Stoichoimetric graphene fluoride monolayers are obtained in a single step by the liquid-phase exfoliation of graphite fluoride with sulfolane. Comparative quantum-mechanical calculations reveal that graphene fluoride is the most thermodynamically stable of five studied hypothetical graphene derivatives; graphane, graphene fluoride, bromide, chloride, and iodide. The graphene fluoride is transformed into graphene via graphene iodide, a spontaneously decomposing intermediate. The calculated bandgaps of graphene halides vary from zero for graphene bromide to 3.1 eV for graphene fluoride. It is possible to design the electronic properties of such two-dimensional crystals.

1. Introduction

Two-dimensional atomic crystals such as graphene, NbSe₂, Bi₂Sr₂CaCu₂O_x, MoS₂, and WS₂ represent recent advances in materials science, and have aroused growing interest from both academic and applied researchers.¹ Apart from their fine structure, impressively low thickness, and delicate morphology at the atomic scale, these unique materials may also afford avenues to obtain important new information on low-dimensional systems based on quantum-size effects and, in turn, novel technological implementations.¹ Conceptually, free-standing atomic layers of any kind can be directly separated from a corresponding multilayered material consisting of stacks of several single sheets by mechanical, physical, or chemical means in a nondestructive manner.¹

In addition, graphite fluoride is a well-known covalent derivative of graphite with interesting electrochemical and electronic properties and potential applications in hydrogen storage.² Depending on the preparative conditions employed, graphite fluoride with different fluorine-to-carbon atomic ratios can be obtained, the most representative example being the stoichiometric carbon monofluoride.

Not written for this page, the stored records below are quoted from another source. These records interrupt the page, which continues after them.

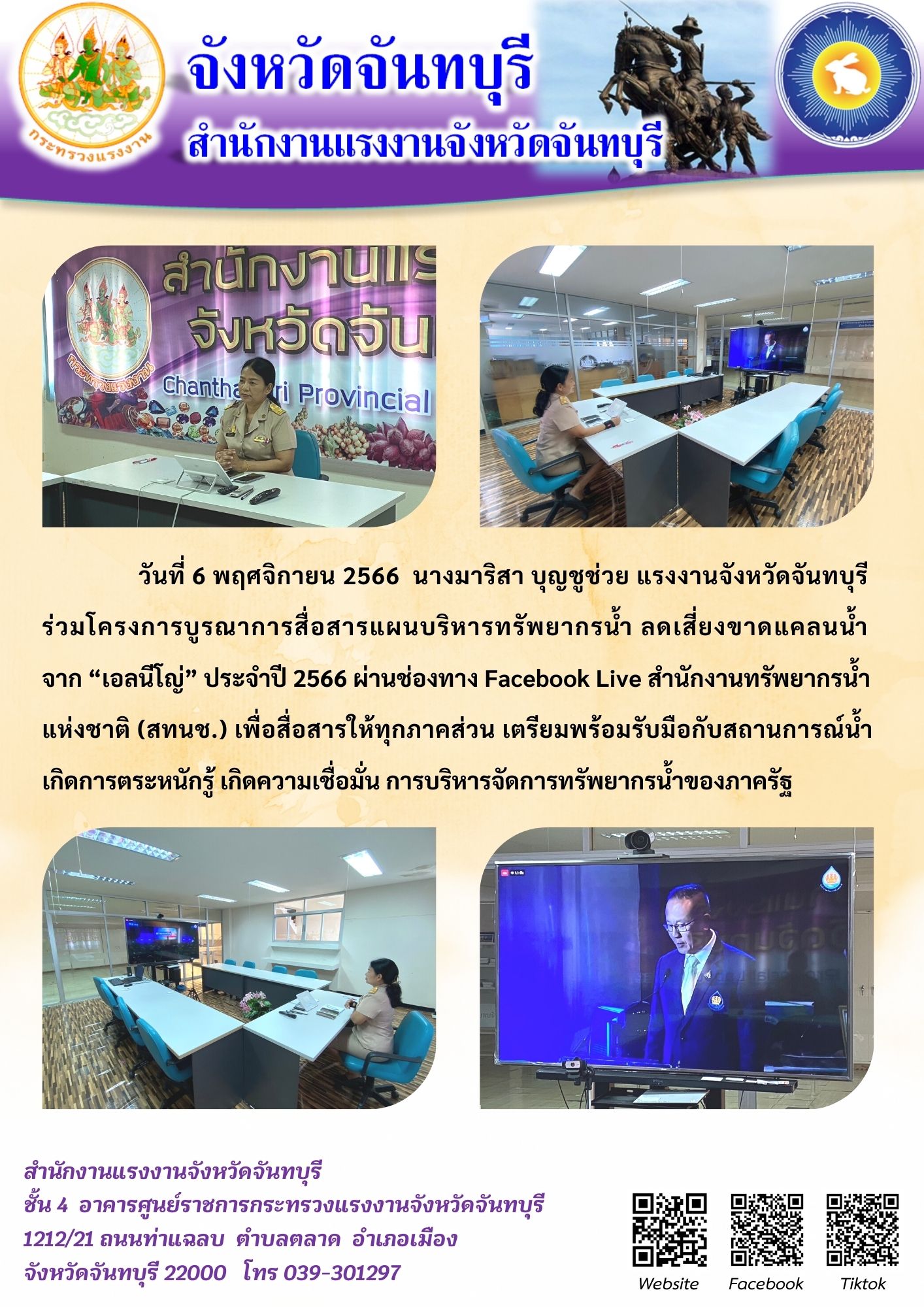 สรจ.จันทบุรี ร่วมโครงการบูรณาการสื่อสารแผนบริหารทรัพยากรน้ำ ลดเสี่ยงขาดแคลนน้ำจาก “เอลนีโญ่” ประจำปี 2566 ผ่านช่องทาง Facebook Live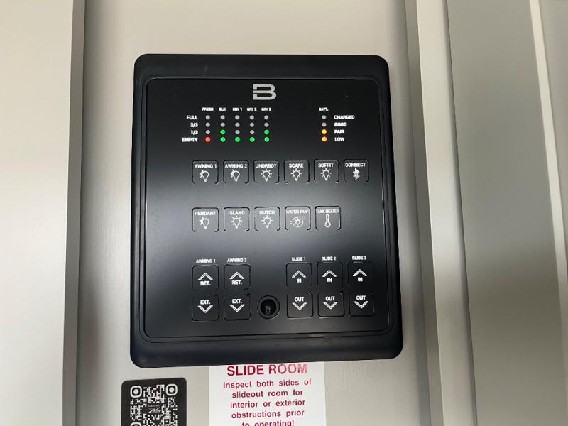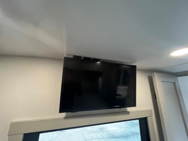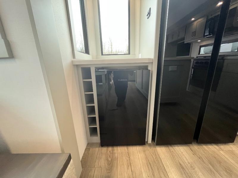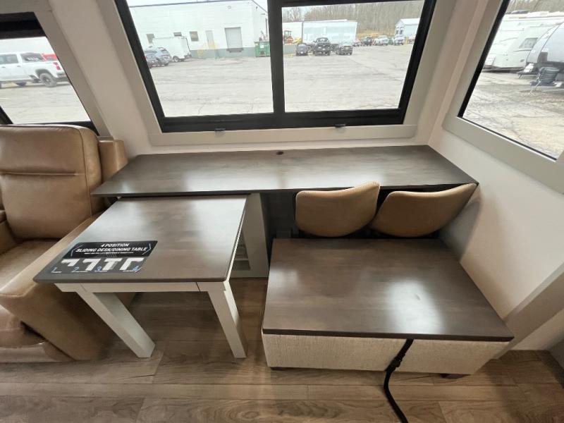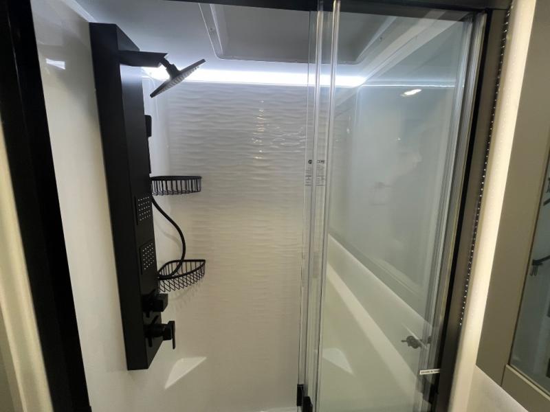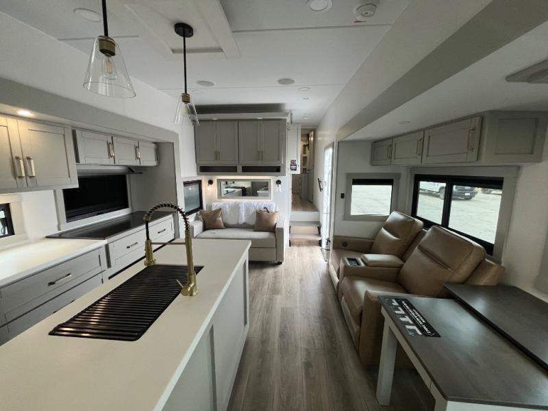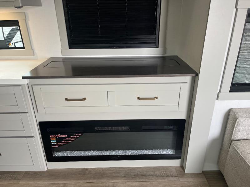 You're going to love every minute spent in this triple slide out fifth wheel! The chef will find everything they need in the kitchen, including a 30" residential microwave, 16 cu. ft. 12V refrigerator, plus a large kitchen island, complete with dual trash bins and dog bowls at the foot. Your crew can get cozy on the tri-fold sofa that extends to a 54" x 70" bed for guests, and there is theater seating across from the televator and fireplace for easy viewing! You will find the front private bedroom ultra accommodating with its king bed slide out, sliding dresser top with hidden storage, your own TV, and a front wardrobe with shelves and a shoe rack. There is even washer and dryer prep if you want the option to make laundry day that much easier!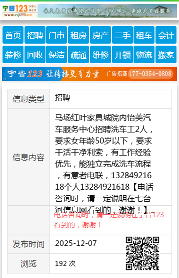 马场红叶家具城院内怡美汽车服务中心招聘洗车工2人,要求女年龄50岁以下,要求干活干净利索,有工作经验优先,能独立完成洗车流程,有意者电联,13284921618个人13284921618 【电话咨询时,请一定说明在七台河信息网看到的,谢谢!】 |
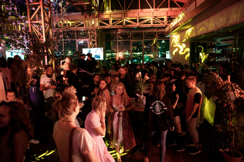 В перерывах между танцами гости с удовольствием делали фото на фоне вечерней Москвы на панорамной веранде ресторана и в двух ярких фото зонах в стиле дресс-кода мероприятия - розовой с неоновыми фламинго и серебристой в оттенках сентябрьской обложки.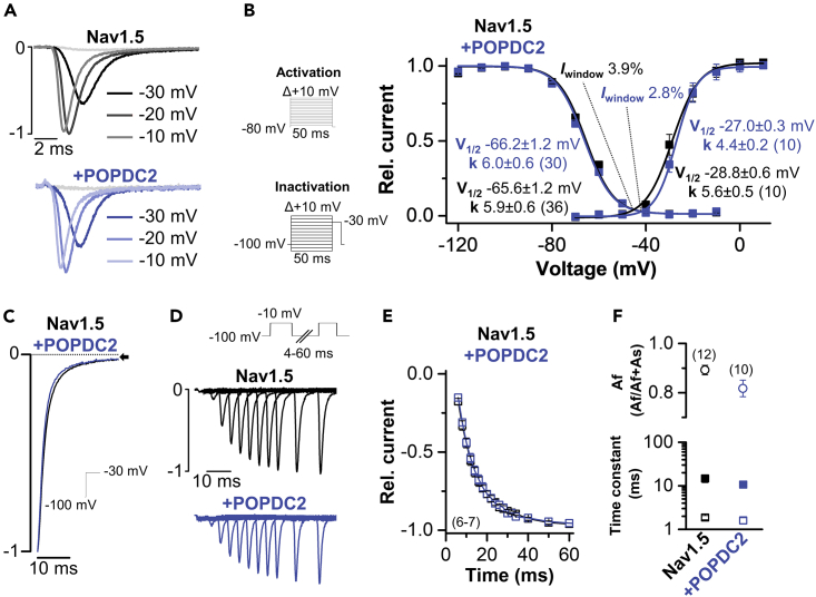 Figure 3. POPDC2 does not alter the current kinetics of Nav1.5(A) Current traces of human Nav1.5 expressed alone or co-expressed with human POPDC2. Representative traces are depicted at −30 mV, −20 mV and −10 mV.(B) Voltage-dependence of activation and inactivation curves fitted to a Boltzmann equation. The respective voltages of half-maximal activation (V1/2) together with the Boltzmann constants (k), as well as the window currents, are provided as inset. For the V1/2 of activation measurements, the currents were recorded with a P/N (N = 4) voltage-step protocol (holding potential −80 mV) and voltage-steps of 50 ms ranging from −70 to +80 mV in 10 mV increments (see inset activation protocol). For the V1/2 of inactivation measurements, the currents were recorded with a P/N (N = 4) voltage-step protocol (holding potential −100 mV) and voltage-steps of 50 ms ranging from −120 to −10 mV in 10 mV increments with a final step to −30 mV for 50 ms (see inset inactivation protocol). The number of technical replicates (n) is indicated in parentheses. Data are presented as mean ± s.e.m.(C) Representative current traces of the kinetics of inactivation recorded with a single-step protocol from −100 mV to −30 mV for 65 ms (inset illustrates voltage protocol).(D) Representative recordings of the recovery from inactivation (inset illustrates voltage protocol).(E) Time-course of the recovery from inactivation recorded with a two-pulse protocol, first step to −10 mV for 50 ms and the second test pulse stepped to −10 mV with increasing interpulse intervals. The number of technical replicates (n) is indicated in parentheses. Data are presented as mean ± s.e.m.(F) Time constants of the fast and slow component of the recovery from inactivation (lower panel) and the relative contribution of the fast and slow component (upper panel). Values were obtained by a bi-exponential fit from the data in (E). Oocytes were stored in a storage solution lacking theophylline. The number of technical replicates (n) is indicated in parentheses. Data are presented as mean ± s.e.m. See also Figure S3.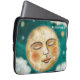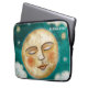 この保護平和な眠る月のラップトップスリーブとスタイルにあなたのラップトップ。豊かなティール(緑がかった色)の空に対して設定されたデザインは、穏やかな天のtouchのためのきらめくソフトな雲とサイフェイクンストーンの星を備えている。お客様のテクノロジーに魅力と保護を追加するのに最適

This gray solid lacks the aromatic character of graphite, instead adopting a puckered cyclohexane-ring structure, with each carbon bearing a fluorine alternately above and then below the ring.³ Analogously to graphite oxide, which serves as a source of graphene oxide monolayers,⁴ graphite fluoride can be used as a precursor for another, less intensively studied graphene derivative: fluorinated graphene. While graphite fluoride has been examined as a starting material for making graphenes,⁵ studies on the isolation and theoretical aspects of individual, free-standing graphene fluoride (CF) monolayers have not yet been reported. Cheng et al. recently reported a synthesis of multilayered graphene fluoride,⁶ but evidence of the synthesis of monolayers is still lacking. Similarly, nothing is known about the synthesis and stability of other graphene halides (CX); indeed, we do not even know whether they can exist. Graphene fluoride is one of the thinnest materials in its class; nevertheless, it is expected to retain the interesting electrochemical and electronic properties of the bulk solid. It may therefore be useful in new technological applications pertinent to batteries or wide-bandgap semiconductors.2a,b Liquid-phase exfoliation of layered solids has emerged as a versatile and nondestructive technique for the isolation of dispersible single sheets of high quality from layered materials, and has been successfully employed as a straightforward method for the production of graphenes from graphite.⁷ It seems reasonable to suppose that this approach could be extended to other layered materials in which there are noncovalent interactions between adjacent layers, including graphite fluoride. The proposed liquid-phase exfoliation approach has numerous advantages: it is relatively simple, the monolayers obtained could be solvent-processed into various forms of interest in engineering (colloids, thin films, and composites), and proper handling of the dispersion should afford a material with a relatively high monolayer content.⁷

Herein, we demonstrate that the liquid-phase exfoliation of fluorinated graphite using sulfolane as the solvent affords single sheets of colloidal graphene fluoride, as evidenced by transmission electron microscopy (TEM), high-resolution transmission electron microscopy (HRTEM), selected area electron diffraction (SAED), and atomic force microscopy (AFM). Comparative theoretical calculations on a series of hypothetical graphene derivatives (graphane and graphene fluoride, chloride, bromide, or iodide) suggest that the thermodynamic stability of the fluorinated layers is significantly greater than that of the other derivatives, making their neat isolation from the pristine layered solid by solvent extraction a realistic goal. Theoretical calculations also demonstrate that electronic properties of graphene derivatives, such as the bandgap, can be tuned by varying their substituents. The differences in thermodynamic stability between the graphene halides can be exploited: CF can be converted via halide exchange to graphene iodide (CI), which is unstable and undergoes spontaneous decomposition to afford carbon nanostructures (graphene and nanodiamond).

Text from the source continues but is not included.